*** Opening Recorded information ***

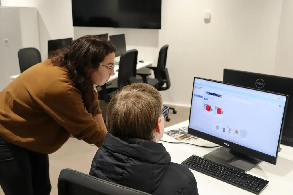 Louis suit aux côtés de Séléna, l’animatrice, la conception du pneu qu’il a modélisé sur un ordinateur. © Ouest-France
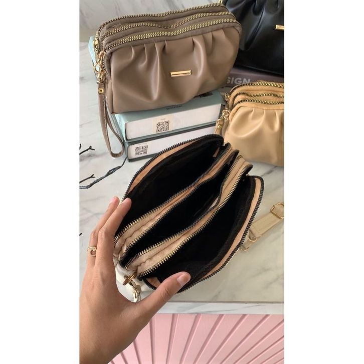 Tas Selempang Wanita Clutch Vhina Tiga Ruang Sling Bag Premium Cewe Tas Fashion Kekinian Muat HP Dompet Kosmetik
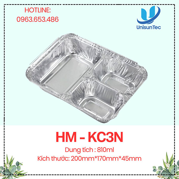 Khay hộp nhôm đựng thực phẩm 3 ngăn HM-KC3 dung tích 820ml nắp giấy tráng nhôm.
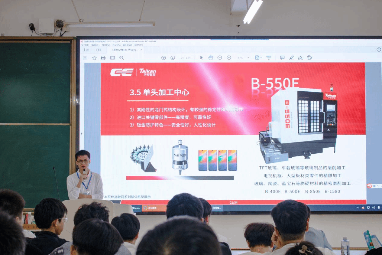 宣讲会上,来自智能制造、装备研发、新材料等领域的多家知名企业依次进行展示,向同学们介绍了企业发展状况、岗位需求、人才培养体系以及未来职业发展路径。深圳市华领智能装备有限公司、广东德晟智能科技有限公司等企业开展了现场宣讲,并与同学们进行了面对面交流,现场氛围热烈。

*** Closing Recorded information ***

◆ Exercise instructions: In your copy of the listing above, every line must match exactly and no picture may appear.

◆ Answer below:
 Louis suit aux côtés de Séléna, l’animatrice, la conception du pneu qu’il a modélisé sur un ordinateur. © Ouest-France
 Tas Selempang Wanita Clutch Vhina Tiga Ruang Sling Bag Premium Cewe Tas Fashion Kekinian Muat HP Dompet Kosmetik
 Khay hộp nhôm đựng thực phẩm 3 ngăn HM-KC3 dung tích 820ml nắp giấy tráng nhôm.
 宣讲会上,来自智能制造、装备研发、新材料等领域的多家知名企业依次进行展示,向同学们介绍了企业发展状况、岗位需求、人才培养体系以及未来职业发展路径。深圳市华领智能装备有限公司、广东德晟智能科技有限公司等企业开展了现场宣讲,并与同学们进行了面对面交流,现场氛围热烈。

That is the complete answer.